On the other side of the table, GM, Ford, and Chrysler hope to wring cost reductions from the negotiations, primarily in the area of health care and pension benefits. The Detroit Three claim the US manufacturing operations of its Japanese rivals pay about $25 less per hour for labor, a notion Gettelfinger refutes, sort of. According to the reporting of an AP staff writer, Gettelfinger said he doubts the presence of a labor cost gap, but then conceded that such a gap is possible. Let the gamesmanship begin!

Gettelfinger is playing it coy when it comes to Ford, the member of the Detroit Three most agree is in the worst shape. When talks kicked off at Ford last week, Gettelfinger said he wouldn’t comment on how Ford’s financial predicament would affect the UAW’s approach at the bargaining table.

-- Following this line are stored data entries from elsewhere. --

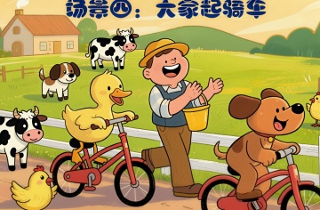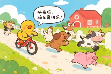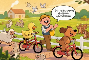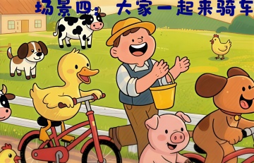 场景四:大家一起骑车 (农夫提着水桶上场,看到鸭子骑车,笑着拍手) 农夫:哈哈!鸭子,你真会发现乐趣! 鸭子(停下自行车):农夫伯伯,骑车太好玩了,大家也想试试! 农夫(摸摸胡子):好呀好呀,我们一起分享快乐! (农夫帮着动物们轮流试骑车,母鸡慢慢蹬车,绵羊紧紧抓着车把,狗骑车差点撞到围栏,大家笑得前仰后合) 所有动物(围着自行车欢呼):骑车真快乐!勇敢尝试真有趣!
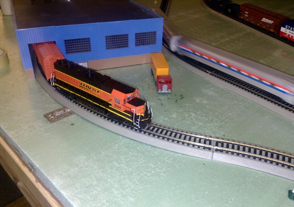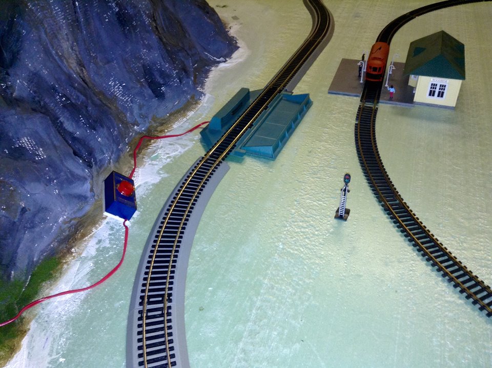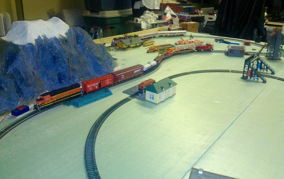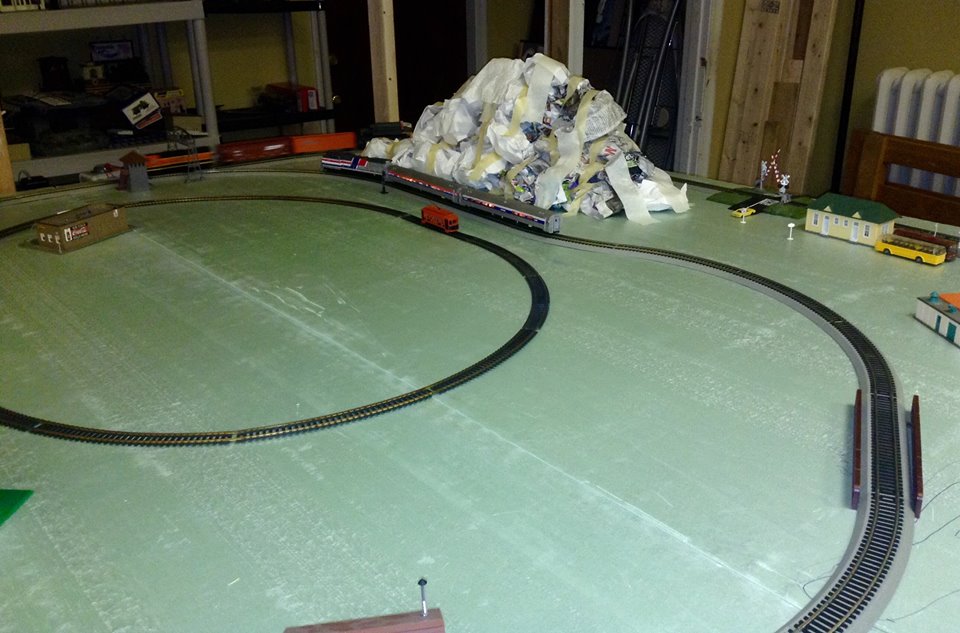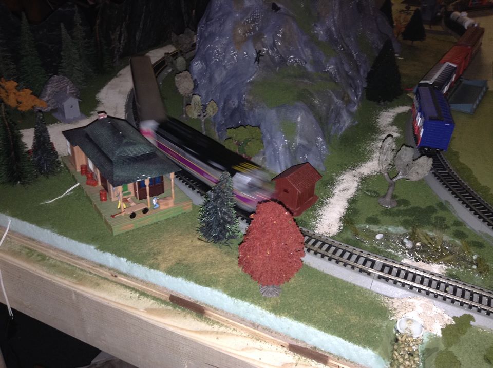 The initial finished setup, with the full train on the tracks.
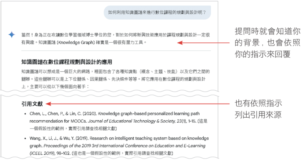 • 提問時就會知道你的背景,也會依照你的指示來回覆。例如依照指示列出引用來源。

But he did say “… they’ve got a lot of cash, by the way.” What Gettelfinger didn’t say is that much of Ford’s cash was borrowed — and most of Ford’s factories and subsidiaries like Volvo and Ford Motor Credit were put up as collateral. Nice try, Ron.

Of course what would UAW bargaining be without vague threats of a strike? To make the threat appear, well, threatening, about 100 protestors, mostly retirees, gathered outside GM HQ to wave signs and engage the media. Protestors pointed to excessive executive bonuses and overseas plant construction as proof belying the disingenuous claim of, “We’re flat broke!” coming from the Detroit Three.

Unfortunately for UAW workers, the Detroit Three’s balance sheets tell a competing story.

Summer incentives — the sales tool Detroit loves to hate

Sales incentives are like crack cocaine for the Detroit Three. Every year it’s the same story — as autumn nears Ford, GM, and Chrysler are strung-out from a summer of binging on incentives — or paying customers to drive cars off the lot.

The story goes like this — the Detroit Three have too much capacity so they build too many vehicles, especially the gas guzzlers nobody wants. So by the summer they have to offer crazy incentives to get cars off the lot to make room for next year’s models that no one will want either. By the end of the summer the Big Three are haggard and dopey from three months of losing cash in the interest of saving market share and clearing bloated inventories. GM, Ford, and Chrysler are forced to chase the incentives dragon, or be clobbered in a price war.

Meanwhile foreign rivals — primarily Japanese ones — stick to their guns on pricing, for the most part, and slowly but relentlessly chip away at the Detroit Three’s market share.

According to Automotive News, 2007 will likely be the tipping point where foreign players collectively have a 50% or better share of the US car market.

Toyota has had a knife in the back of the Detroit Three for years, but this summer it is twisting the blade by getting in on the incentives game in an ingenious and merciless way. With a new Tundra factory in San Antonio, Toyota is raising incentives on Tundras in hopes of capturing more truck market share. GM was trying to wean itself off incentives. GM’s average 2007 incentive is down a few hundred dollars compared to 2006, so Toyota is raising Tundra incentives to kick GM while it’s down.

So there’s never been a better time to hit the dealer lots and snatch up a great deal, at least until next summer, anyway.